“Don’t it always seem to go that you don’t know what you got ‘til it’s gone” Joni Mitchell famously lamented at the very start of the modern environmental movement. In the half century since then, conservation efforts have made tremendous advances but there is still a lot we don’t know, particularly about the number of plant and animal species we actually have in any one area, which species are declining and how fast, and what we can do to conserve them. This knowledge is needed more urgently now than ever, given the mounting rate of species extirpation and extinction. It also needs to be shared as widely as possible: successful conservation depends not only scientists and conservationists, but critically on a strong base of public support -- people in general need to continue to be interested in the natural world and to place a high value on its preservation.
The mission of the North Carolina Biodiversity Project is to compile and share information on the state’s multitude of species. We aim to describe all of what we have in the way of the state’s crickets, moles, ferns, salamanders, moths, mosses, damselflies, and whatever else flies, slithers, bounds, swims, creeps, or grows within North Carolina. In addition to providing lists of all the species verified to occur in the state, we also collect and share data on their distributions, phenologies, habitat associations, and conservation statuses as they exist specifically in our state.

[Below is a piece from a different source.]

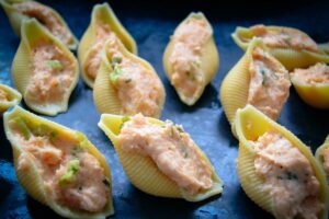 Nudeln mit Lachs gefüllte Muschelnudeln

In order to make this information as widely available and as useful as possible, we present it in a series of freely available websites and checklists. Our portal website is located at http://nc-biodiversity.com/ , which includes information on both our group and our individual members. Its main function, however, is to provide a centralized set of links to our other, taxon-focused websites and checklists, as well as links to the websites of other groups that share our aims. From the Butterflies of North Carolina website originally created by Harry LeGrand and Tom Howard to the most recently added Orthoptera of North Carolina, we now have six websites up and running (some still works-in-progress). Checklists covering four additional taxonomic groups are also included and several more websites and lists are in the planning stages.
As outlined in our mission statement (see About the NCBP on our website), we hope to serve the interests of the scientific and conservation communities by providing as accurate and useful a set of records as possible. We also hope to enlist the general public as much as we can, both as a source of new information on species’ occurrences – several of our websites now allow online submission of records -- and as a critical base of support for conserving the state’s wondrous diversity of species and ecosystems. “Leave me the birds and the bees, Please”, as Joni Mitchell urged, but also the Venus Flytraps, Venus Flytrap Moths, Stygian Shadowdragons, Eastern Small-footed Bats, Rock-loving Coverts, Rock Gnome Lichens … the list is long!